Настоящим прорывов явился принцип «сетевой» организации сообщества — «без президентов, вертикали власти и денежных мешков». Союз гремел своими кампаниями протестов. Под каток его гражданского гнева попал план ускоренного развития гидроэнергетики в СССР. Он предполагал создание 90 крупных ГЭС. Акции завершились успехом — план лег в стол.

Может быть интересно

Глобальное потепление, или Почему антропоцентризм разрушает цивилизацию

В декабре 1988 года СоЭС анонсирует всесоюзный день протеста против проекта канала Волга — Чограй. В течение следующего месяца по сотне городов прокатывается волна митингов. Ориентировочное число участников протеста (в разных формах) — около миллиона человек. Под давлением протестующих правительство капитулирует. Технику с места предполагаемого строительства в Калмыкии выводят.

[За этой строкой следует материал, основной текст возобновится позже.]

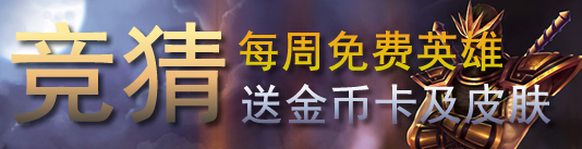 1:猜中每周免费英雄10个中的任意1个,送双倍金币卡(1日)一张,限量5张,随机抽取,送完即止
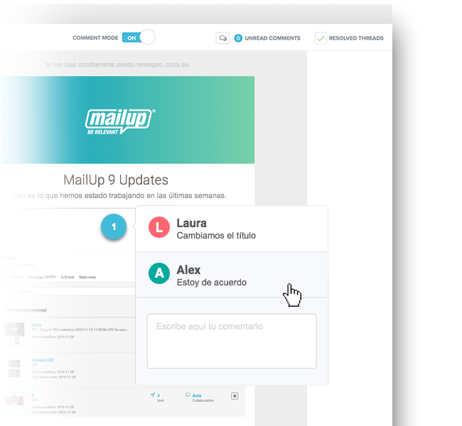 Quien tenga experiencia en el proceso de creación de una campaña de email, lo sabe: son infinitos los intercambios de opiniones, cambios y comentarios entre todos los miembros del equipo, antes de llegar a la aprobación definitiva. Esto es válido para los equipos de empresa y, todavía más, para los flujos entre agencias y clientes, que implican llamadas telefónicas, intercambios de email, teleconferencias.

Гласность вскрыла очаги загрязнения по всей стране. Доверия к официалам становилось всё меньше, гражданские экологи перенимали инициативу. А работы был непочатый край. Только в Сызрани предприятиями каждые сутки выбрасывалось около 360 тонн вредных веществ. С каждым годом всё больше производств, которые отравляли, открывалось в Ульяновской области. На территории Куйбышевской области на 1989 год работало более 350 крупных предприятий. За год они выбрасывали в атмосферу свыше миллиона тонн смерти. В первом полугодии 1989-го регистрировались случаи критичного загрязнения пестицидами на реках Сок, Самара, Большой Кинель, Чапаевка, Крымза. В Чапаевке концентрации пестицидов превышали норму в 22 раза! В катастрофическом состоянии находились Аральское море, Приаралье, Черное море, Кольский полуостров.

Одна за одной шли крупные аварии. По данным Госкомиссии Совета Министров СССР по ЧС, только за 1988 год в промышленности их случилось 790 (!).

И общество откликалось. В битву за природу вступили Всесоюзное экологическое общество, Экологическое общество СССР, «Экологический союз СССР», Всесоюзное добровольное общество, «Зеленое движение», уже упомянутый «Социально-экологический союз».

Надо сказать, что экологический оптимизм подобных движений нередко оборачивался экологическим популизмом. Люди охотнее шли на экологические митинги, чем на экологические субботники. И всё же стараниями активистов был закрыт Приозерский целлюлозно-бумажный комбинат на берегу Ладоги, не допущено строительство предприятия по производству поликарбонатов в Уфе и строительство Нижегородской атомной теплоэлектростанции. Было приостановлено сооружение Крымской АЭС, запрещен подъем уровня Чебоксарского водохранилища.

3.3. Клубная жизнь экопросветителей

Свои локальные войны за экологию вели и местные организации. В Новокуйбышевске это были эколого-политический клуб «Резонанс» и общественно-политический клуб «Импульс». В Куйбышеве — эколого-политический клуб «Альтернатива». Активисты расследовали экологические преступления, издавали машинописный журнал «Зеленый листок». Самарский «Союз зеленых» выпускал журнал «Третий путь». Он ратовал за сближение позиций анархистов и экологов. В Чапаевске действовало общественное движение за экологию города «Инициатива».

К концу 1980-х общественность по-настоящему заболела экологией. В январе 1989 года в Москве создавали Общественный комитет спасения Волги. Массово открывались школы юных экологов. В 1988 году при Тольяттинском политехе в такой школе старшеклассники изучали, как охранять природу и человека от влияния токсинов.

В 1989 году случается то, что каких-нибудь пять лет назад было непредставимо. В СССР приходит Greenpeace. Инициаторами выступили академик А. В. Яблоков и глава Курчатовского института Е. П. Велихов. Офисы организации были открыты в Москве и Киеве.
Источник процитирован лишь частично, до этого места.